No one ever told me that life was going to be easy. I knew that it wasn't. I knew that I would have to find hard to get out of my neighborhood and that the chance of that were slim to none. As a teenager, I had accepted that. That my quince was probably the most glamorous event of my life. That my wedding would probably be one forced upon me due to a pregnancy and the thought of trying to raise a child in East L.A. frightened me.

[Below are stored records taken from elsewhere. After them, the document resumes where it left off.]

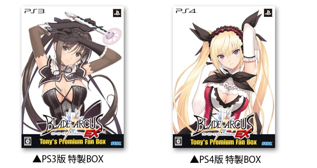限定版『ブレードアークス from シャイニングEX -Tony's Premium Fan Box-』が同時発売。「ブレードアークスEX」の枠を越えた、すべての「シャイニング」シリーズファンに贈る究極の限定版です。限定版には、Tony氏責任編集によるオフィシャルブックをはじめ、商品化が待ち望まれていた『シャイニング・アーク』のキャラクターソングCDや『シャイニング・ブレイド』のサウンドトラックCD、さらに水着姿のヒロインたちがデザインされた2016年カレンダーがセットになっています。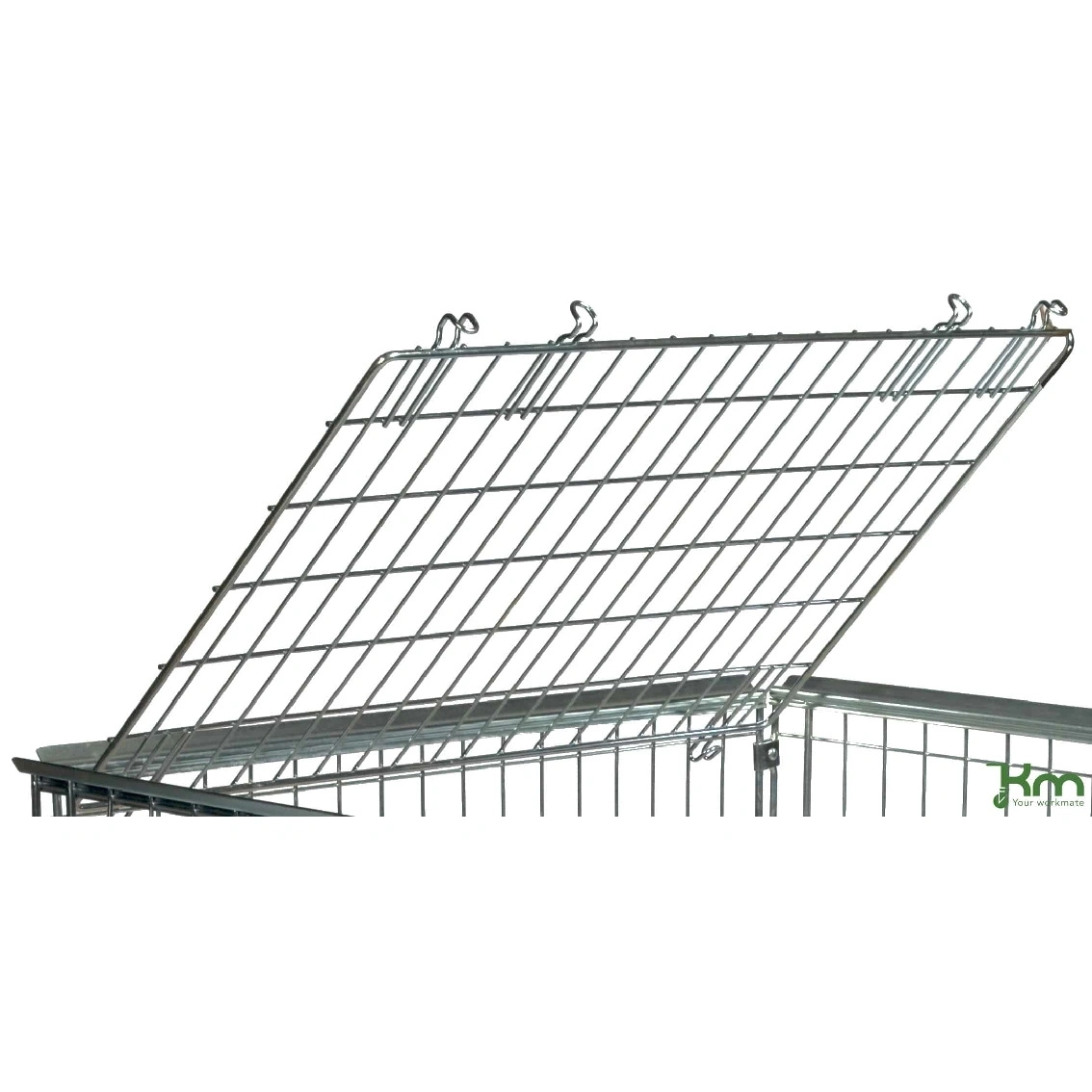Gitterlåge, der passer til pallegitre til EUR paller; KM080040, KM080062, KM080085, KM080100,KM080062A1 og KM080085A1. Gitterlågen er praktisk hvis du ønsker at låse noget inde i pallen, samt hvis du ønsker at stable flere paller.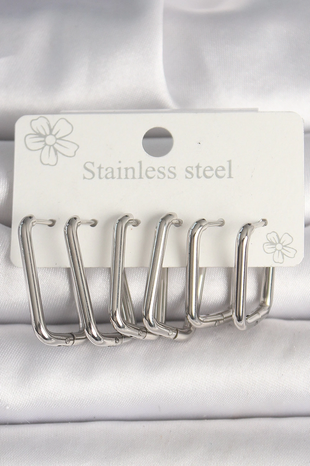 316L Çelik Gümüş Renk Kare Model Kadın Küpe Seti - TJ-BKP10353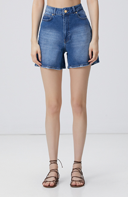 Basic Fit; Normal Bel; Kısa Denim Şort; 5 Cepli

My parents, both Mexicans immigrants, moved to Alhambra when my mother was pregnant with James. James was three years older than me. We were both born in the U.S., which is supposed to mean something, but Alhambra is far from the paradise that living in the U.S. promises. My parents, three older brothers, and I lived with my mother's sister, my tia, and her five children, in a three bedroom house. Picture that for a moment.

When I was about eight, we finally moved out of Tia's house and into our own two bedroom house. Sharing a room with three older brothers was a welcome comfort, although privacy was always an issue. My brothers, youngest to oldest were, James, Jesus, Armando, and Roberto. James and I were the only ones born in the U.S., hence the American names. James had always been the one who caused the most trouble. Our older brothers tried in vain to help him, but before they knew it he had joined a gang and was dealing before he was 13. We both were.

I had my tattoos removed soon after Alyssa's birth. I didn't want her to see her mother like that. A chola. I wanted her to see her mother as a strong Mexican-American woman, capable of anything. I wanted to protect her from the streets of LA, the evil. I should have known that one day it would all catch up with me.

James and I shared many business ventures in our young stupid years. As an adult, nearly middle-aged, I realize how foolish we were. At the time it was all about the money, the glamour, and respect. Of course the dealing was just the beginning. A little weed here, a little coke there, meth, whatever we could get our hands on. Then came the guns We would spend hours everyday filing serial numbers that we lifted from various sources. For me it was all about being favored in my brother's eyes. I looked up to him. He always had whatever he needed, cars, clothes, he was making a life for himself here, whereas my other brothers worked 10-12 hour days for minimum wage or less and still barely made ends me. I adored James, and I thought he felt the same about me.